Task goal:
Only the lines below starting at the one that contains "Minister for Mines" and ending at the one that contains "At 3.30 pm, the" are to be reproduced, exactly and with both ends kept.

Extracted records:

————————

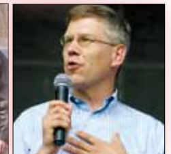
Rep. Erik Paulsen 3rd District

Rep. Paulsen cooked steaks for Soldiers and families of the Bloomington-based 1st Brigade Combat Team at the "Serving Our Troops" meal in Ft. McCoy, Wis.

————————

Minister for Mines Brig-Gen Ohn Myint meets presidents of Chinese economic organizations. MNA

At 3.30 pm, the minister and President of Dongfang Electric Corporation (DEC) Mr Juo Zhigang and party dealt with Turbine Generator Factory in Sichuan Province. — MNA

————————

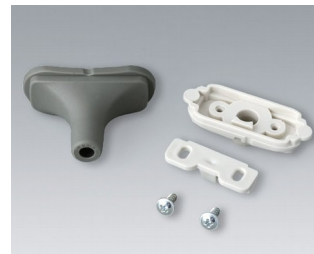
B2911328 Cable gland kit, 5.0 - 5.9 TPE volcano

————————

Answer box:
Minister for Mines Brig-Gen Ohn Myint meets presidents of Chinese economic organizations. MNA

At 3.30 pm, the minister and President of Dongfang Electric Corporation (DEC) Mr Juo Zhigang and party dealt with Turbine Generator Factory in Sichuan Province. — MNA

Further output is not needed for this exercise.